How about one of those anti fatigue mats you get at the home depot. They are made for all day standing on and are thick heavy bouncy rubber. Cheap enough too...maybe $15-$20.


----------



## MaryLynn (Sep 8, 2012)

I have looked into these and one other brand (can't remember what it was called, but it was made out of the stuff fireman's suits are made out of), but I haven't bought one yet because I am wary that my dogs will still eat it, and I am in the same boat as you HORRIBLE shipping to canada!


----------



## Arcticfox (Dec 12, 2011)

fantastic poodle:

I checked out home depot's website, the only mat I could find is only about 1/4" thick - Tesla could get her jaws around that in no time. Plus it's 43" x 87" and I have no idea how I can cut a thich rubber mat down to size. 

MaryLynn:

I'm worried about it, too, but it looks like they now make the mats with tie downs at the corners so you can secure it to the crate and the dog wont be able to get at them. I shot the guy an email last night and he told me that it's $22 shipping to Canada, which I suppose is reasonable considering that some other place wanted to charge me over $100 shipping for a $70 product. I don't know if I want to deal with the hassel of getting a replacement if it doesn't hold up though :/


----------



## fantastic poodle (Sep 8, 2012)

The one I used was over an inch thick and about the size of large door matt. Maybe they dont sell them anymore. It was nearly chew proof...and by that I mean it would last a chewer about 2 months.


----------



## MaryLynn (Sep 8, 2012)

Yeah, I'm not worried about the shipping to me, I'm worried about replacements should it happen to not hold up-then I'd have to ship it back, pay for that, probably pay the shipping for a new one...
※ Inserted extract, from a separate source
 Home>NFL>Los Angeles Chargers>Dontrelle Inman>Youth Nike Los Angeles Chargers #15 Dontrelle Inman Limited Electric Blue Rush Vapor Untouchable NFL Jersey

What's the deal with Canada anyways? We can't even get free-super saver shipping from Amazon.com anymore, just .ca (and .ca has like 1/4 of the products available one it).
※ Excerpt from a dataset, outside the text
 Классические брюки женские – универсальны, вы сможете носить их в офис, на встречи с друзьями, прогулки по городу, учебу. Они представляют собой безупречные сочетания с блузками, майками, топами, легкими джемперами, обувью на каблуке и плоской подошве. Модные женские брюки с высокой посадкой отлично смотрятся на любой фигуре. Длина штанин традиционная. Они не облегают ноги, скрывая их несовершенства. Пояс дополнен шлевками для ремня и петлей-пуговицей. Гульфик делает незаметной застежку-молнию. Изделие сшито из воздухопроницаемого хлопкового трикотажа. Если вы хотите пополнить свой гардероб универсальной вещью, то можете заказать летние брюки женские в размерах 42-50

None of the dog food sites ship dog food (which costs less than half of what it does here) for less than what it costs to buy the food in Canada.

Why can't we have all of these great products at reasonable prices 

end rant, sorry guys lol


----------



## Doggroomer812 (May 4, 2011)

*Primo pads*

I love Primo Pads! they are pricey, but worth it. My mega-bedding-chewer has had hers over 3 years, and the only damage is a small area where the outer vinyl chipped off from her 'digging' in it. They are so easy to clean, and don't retain any smell. 

Try to find a large AKC show, cluster show, or national specialty... there is usually a Primo Pad vendor there.


----------